The single canonicalization-then-hash core guarantees the value is identical across channels; each dispatcher owns only the wire-format quirk (array wrapping, key renaming, the phone +, the hash-or-not decision for location). That separation is why a value that matches at Meta also matches at TikTok, instead of drifting per channel.
Putting it together: one anonymous event
Trace a single pageview from an adblock visitor who clicked a Meta ad yesterday and submitted a contact form earlier today, all on the same browser:
- The event enters the pipeline with almost nothing: a page URL, a timestamp, a device-id cookie.

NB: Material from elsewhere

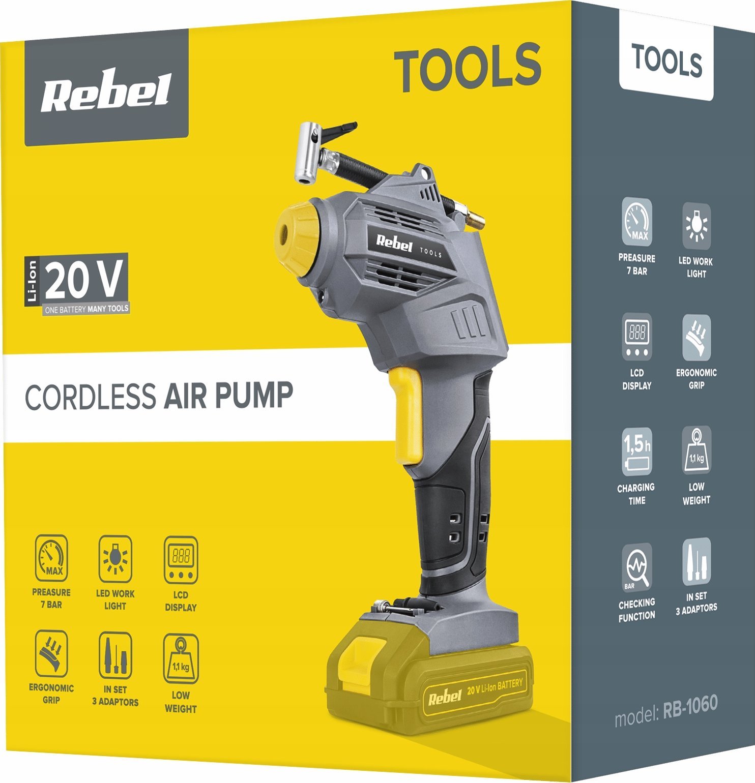 Φορητός αεροσυμπιεστής Rebel 20V 2A 7 bar

- Priority 5, the commerce adapter, has nothing to add (this is not a shop event).
- Priority 6, the vault, recalls the email the visitor typed into this morning's form and adds it.

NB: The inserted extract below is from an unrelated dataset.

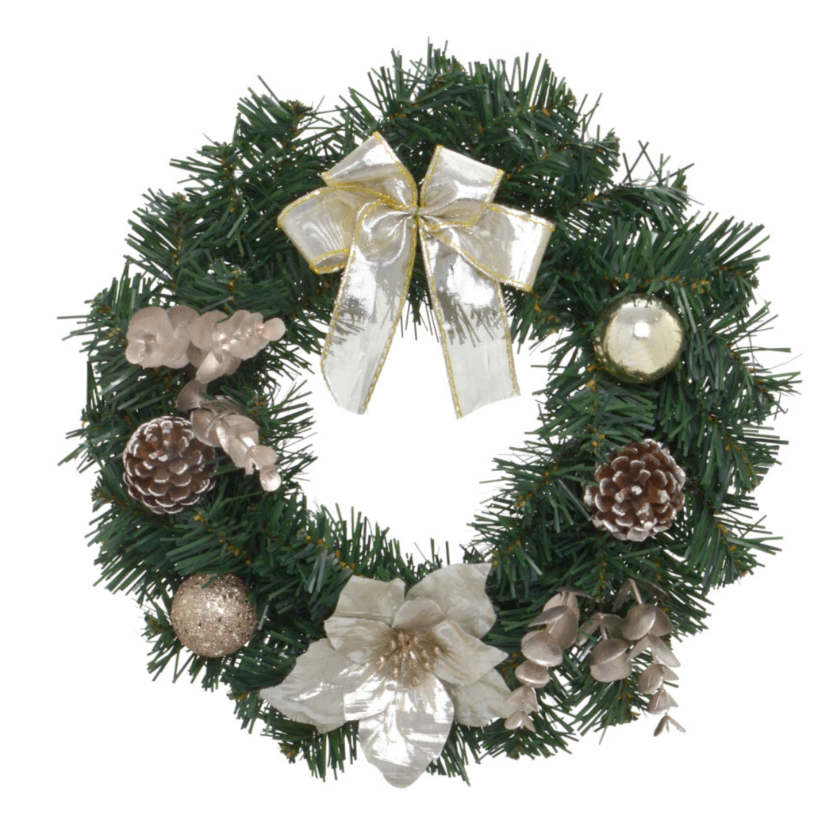 Adicione um toque de elegância à sua decoração natalina com esta belíssima guirlanda decorativa. Feita com ramos de pinheiro em PVC, ela é adornada com detalhes encantadores, como um laço, pinhas e flores brilhantes na cor champagne, criando uma combinação perfeita de cores festivas e brilho.

- Priority 7, GeoIP, fills city, state, and zip from the Cloudflare edge headers.
- At dispatch,
_fbcis synthesised from yesterday'sfbclid(still in the URL chain or cookie), and_fbpis generated and planted, no browser pixel needed. - Canonicalization collapses the state to
niand the country tode, then SHA-256 hashes the lot in Meta's exact shape.
The event that started with three weak signals leaves with hashed email, name where available, hashed city, state, zip, country, a valid fbc, a stable fbp, plus raw IP and user agent. That is the difference between a "Poor" and a "Good" Event Match Quality grade, achieved on an anonymous pageview, from a visitor whose browser pixel never loaded.
Take-away
Match quality is not a credential you paste in once. It is the per-event sum of identifying signals, and the events that need it most are the anonymous ones the naive setup sends nearly empty. Beaconry treats it as a server-side pipeline problem: a consent-gated, encrypted first-party vault carries identifiers forward across a visitor's whole journey, server-side _fbp and _fbc generation plants the cookies a blocked pixel would have set, GeoIP fills location for the truly anonymous, and strict canonicalization makes sure the same person hashes to the same value at every channel. The headline result for an advertiser chasing Event Match Quality: you lift it for the adblock visitors a browser pixel cannot reach, without loading a browser pixel at all.